GOD gives individuals and communities new life. 
do i believe that GOD enlivens my lifeless and listless self? am i ready to receive this new life? 
how can i give that life to others who are without hope and life? will i empathetically be with them?

25 March 2017


1 samuel 16:1b, 6-7, 10-13a; ephesians 5:8-14; john 9:1-41

author john h. griffin was blinded in an explosion during world war ii. twelve years later, walking down a street near his parents’ home, he suddenly began to see what he described as «red sand». a specialist later told him that a blockage of blood to an optic nerve had abruptly cleared causing him to see. commenting on his experience, griffin said: «you can’t imagine what it is like for a father to see his children for the first time.» 
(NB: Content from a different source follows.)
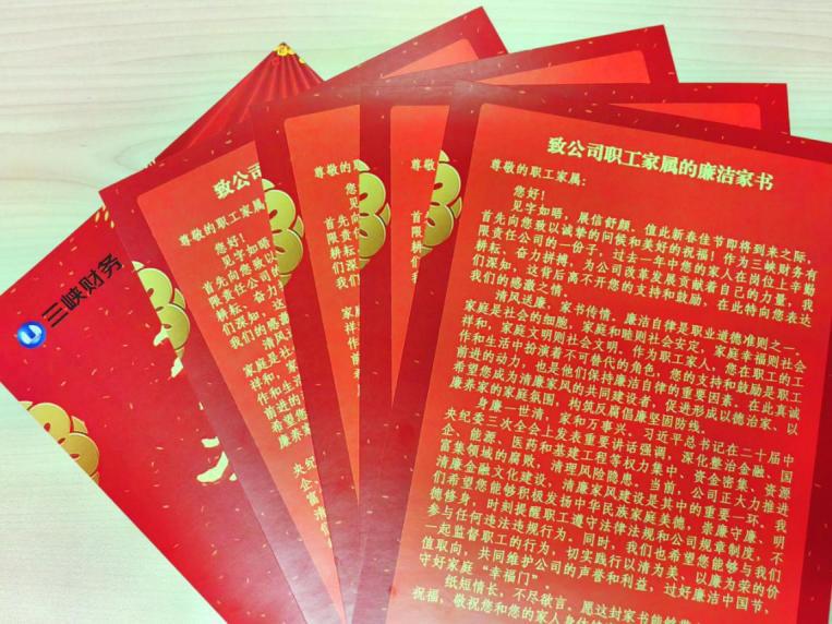 清风送廉,家书传情。2月2日,为进一步筑牢廉洁防线,三峡财务公司党委向公司全体职工家属制作发放了廉洁家书,

the blind man of the gospel had an experience similar to griffin’s: after jesus anoints the man and he washes in the pool, a son saw his parents for the first time! he saw more than his parents; he saw jesus as his LORD.
while his physical sight was instantaneously restored, his spiritual sight grew in stages. for him, jesus is «the man called jesus», «a prophet», «a man of GOD»… and finally he makes a simple act of faith: «i do believe, LORD». 
paradoxically, the pharisees/jews make an opposite journey; they become increasingly blind. they expel the man from the synagogue. even his parents disassociate themselves from him out of fear.

for the evangelist, this is not merely another miraculous cure. john is writing to a community that is experiencing rejection from jewish society. through this sign, he presents the blind man as a model of spiritual growth to encourage them to continue to «see» jesus as their LORD.

like the blind man, we have been anointed and washed in the waters of baptism. 
have I grown in my faith response to jesus: do i «see» him as my LORD… or is he merely a man, a prophet, a man from GOD? 
am i ready to risk rejection in my desire to see jesus?

18 March 2017


exodus 17:3-7; romans 5:1-2, 5-8; john 4:5-42

several years ago, i had gone trekking with a group of friends. by mid-day, after trekking six hours, we were half-way to our destination. we were also out of water! there was no water source or human habitation in sight. after another three hours, we chanced upon a tiny stagnant pool of water. we were tired and thirsty. and so, though the water was dank, we drank.

thirst! this was the condition of the wandering israelites. 
it was thirst that made them grumble against moses; lament their liberation from egypt; and question GOD’s presence among them.
GOD’s response? he gave them life-giving water, a reminder of his continued and powerful presence among them

thirst! this was the condition of the samaritan woman.
it was physical thirst that made her come to the well in the noon-day sun; emotional thirst which took her through six relationships; spiritual thirst which made her dialogue with a jew.
GOD’s response? he gives the woman life-giving water. he satisfies her deep longing for love and understanding; he treats her as a human person, with respect and dignity. through a seven-part catechesis, jesus guides her from ignorance to faith; she grows progressively in her knowledge of jesus’ identity: «a jew,» «sir,» «prophet,» and «messiah.» she goes from being a social outcast to becoming a disciple and a missionary!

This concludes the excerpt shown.